Le Bon, La Brute et Le Cinglé : Western ultime, mais pas que…

En matière de nouvelle vague de cinéastes sud-coréens, Kim Jee-Woon est probablement l’un des plus mésestimés, à tort. Révélé chez nous avec son troisième long métrage Deux Sœurs il n’a pas vraiment su trouver grâce aux yeux du public européen, du moins aussi rapidement que certains de ses comparses comme Park Chan-Wook ou Bong Joon-Ho. Pour autant, quiconque s’intéresse un tant soit peu au cinéma sud-coréen porte forcément en estime l’un des films de Kim Jee-Woon, ne serait-ce que l’immense J’ai Rencontré le Diable (disponible sur Shadowz). Mais avant de nous livrer l’une des traques les plus violentes que le cinéma nous ait pondu, notre réalisateur avait déjà concrétisé un sacré tour de force. Imaginez la rencontre fortuite entre le cinéma de Sergio Leone, John Woo, Stephen Chow et Quentin Tarantino et vous aurez une petite idée de ce qui vous attend. Car oui : après les innombrables effusions de sang, il était temps pour nous de vous proposer un film à regarder en famille. Le Bon, La Brute et Le Cinglé est sorti dans nos salles en 2008 et vient s’offrir une seconde jeunesse sur Shadowz. Accrochez vos ceintures, il y a du dynamitage de codes dans l’air !

Dans les années 1930, en Mandchourie, un riche homme d’affaires est en possession d’une mystérieuse carte qu’il vend à un banquier japonais. Pour en récolter tous les bénéfices il paie Chang-Yi – le plus célèbre tueur de la région – pour la récupérer par la force des armes. Mais lorsque celui-ci attaque le train où se trouve la carte un voleur fou, Tae-Goo, l’a devancé et a récupéré cette carte sans en connaître la valeur réelle. Dans le train se trouve aussi Do-Won, un célèbre chasseur de primes, pour qui la traque des deux bandits commence.

Oubliez tout ce que vous connaissez du western (spaghetti notamment), Le Bon, La Brute et Le Cinglé s’affranchit de tous les codes inhérents au genre pour nous livrer un film-somme, une encyclopédie de décennies entières de cinéma, le tout dans un condensé intense, mais jamais indigeste. Kim Jee-Woon délivre le film hommage ultime et vient nous gratifier de tout ce qui a trait à sa culture cinématographique. Pour quiconque n’aimant pas le western il s’agit du film idéal pour se réconcilier avec le genre. Pour les aficionados du genre, ce sera un plaisir de tous les instants. Enfin, pour ceux qui voudraient se parfaire une culture en la matière, disons qu’il vaut mieux ne pas commencer par celui-ci tant il fausserait leur vision du genre. Le Bon, La Brute et Le Cinglé s’adresse clairement aux initiés, à ceux qui ont dévoré les films d’action hong-kongais des années 80 et 90 et ceux qui peuvent réciter par cœur tous les dialogues de la trilogie du dollar de Leone. Kim Jee-Woon propose un pastiche grandiloquent en assumant pleinement ses références. Et des séquences à couper le souffle, le film n’en manque clairement pas : de la spectaculaire attaque du train en ouverture à la fusillade extatique au sein du marché aux voleurs, le film se montre d’une générosité sans pareil. Une fois de plus, il est plaisant de constater la propension qu’ont les auteurs sud-coréens à assimiler le cinéma occidental pour en créer quelque chose d’unique. S’il ne devait rester qu’un seul hommage aux westerns, pour sûr que Le Bon, La Brute et Le Cinglé mériterait son titre de leader.

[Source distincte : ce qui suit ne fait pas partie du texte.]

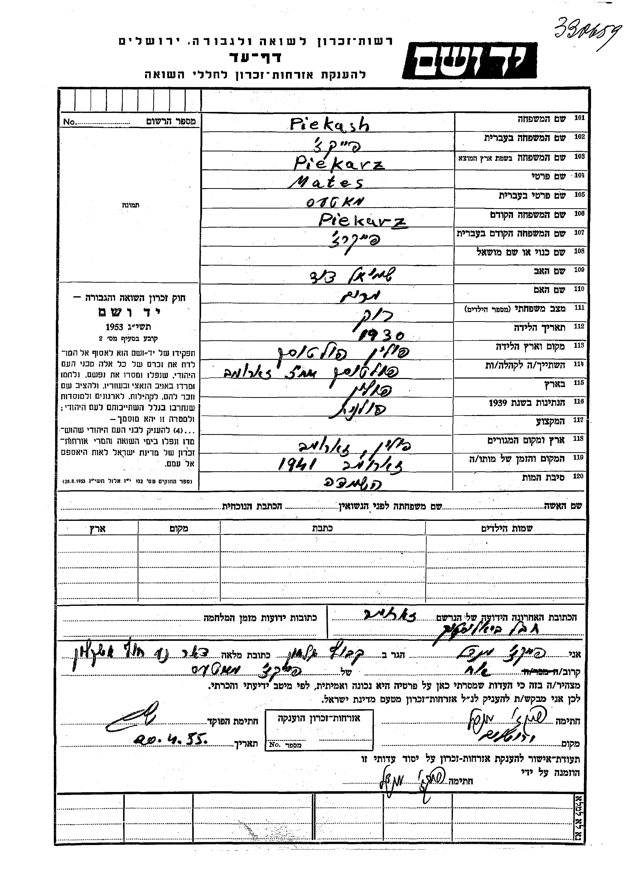 Mates Piekarz wurde im Jahr 1930 in Pultusk, Polen geboren. Er war der Sohn von Shmuel David und Miriam. Er war Ledig. Vor dem Zweiten Weltkrieg lebte er in Zareby Koscielne, Polen. Während des Krieges war er in Zareby Koscielne, Polen.

Soulignons la maîtrise de la direction artistique de Kim Jee-Woon. Son film déborde d’idées de mise en scène, c’est un vrai bestiaire pour quiconque souhaite étudier comment insuffler du dynamisme aux scènes d’action. Non content de laisser pleinement exprimer le talent de son réalisateur, le film préfigure également ce qui se fera de meilleur par la suite dans le cinéma d’action. L’immense séquence de course-poursuite dans le désert qui amène au climax du film ne peut pas ne pas nous ramener vers Mad Max : Fury Road, c’est indéniable. Le film boucle parfaitement la boucle de l’auteur oriental qui s’inspire de l’occident afin que ce dernier vienne piocher chez lui en retour. Ainsi, la notion de transmission se ressent d’autant plus fortement qu’elle demeure très sincère chez Kim Jee-Woon. La ressemblance avec Le Bon, La Brute et Le Truand se révèle très minime en réalité (le titre français cherchant avant tout à capitaliser sur un nom afin d’appâter les spectateurs), mais il subsiste quelques citations qui réchauffent le cœur et ne tombent jamais dans un maniérisme putassier. Lorsque Tae-Goo est persuadé d’avoir trouvé le trésor et commence à creuser sous les menaces de Do-Won, le spectateur aguerri se languit d’un fameux « le monde se divise en deux catégories » qui ne viendra jamais. Toujours admiratif et jamais poussif : voilà ce qui définit parfaitement le travail de Kim Jee-Woon sur ce film. Ajoutez à son matériau de base (le western spaghetti) des fusillades dignes des meilleurs John Woo et un humour cartoonesque à la Stephen Chow et vous aurez une petite idée des merveilles que renferme Le Bon, La Brute et Le Cinglé.

Séance Shadowz diablement efficace cette semaine et qui rend hommage, à la fois, à l’un des genres les plus prolifiques de l’Histoire et à un réalisateur qui mérite une meilleure exposition que celle qu’il a actuellement. S’il est adulé par une niche bien au fait de ses talents, Kim Jee-Woon se doit d’être reconnu du grand public pour la maestria de mise en scène qu’il délivre avec le film du jour. Le Bon, La Brute et Le Cinglé est tout autant l’un des meilleurs films d’action de ces vingt dernières années qu’un hommage ultime au western. Un film à dévorer avec un appétit féroce et sans fin.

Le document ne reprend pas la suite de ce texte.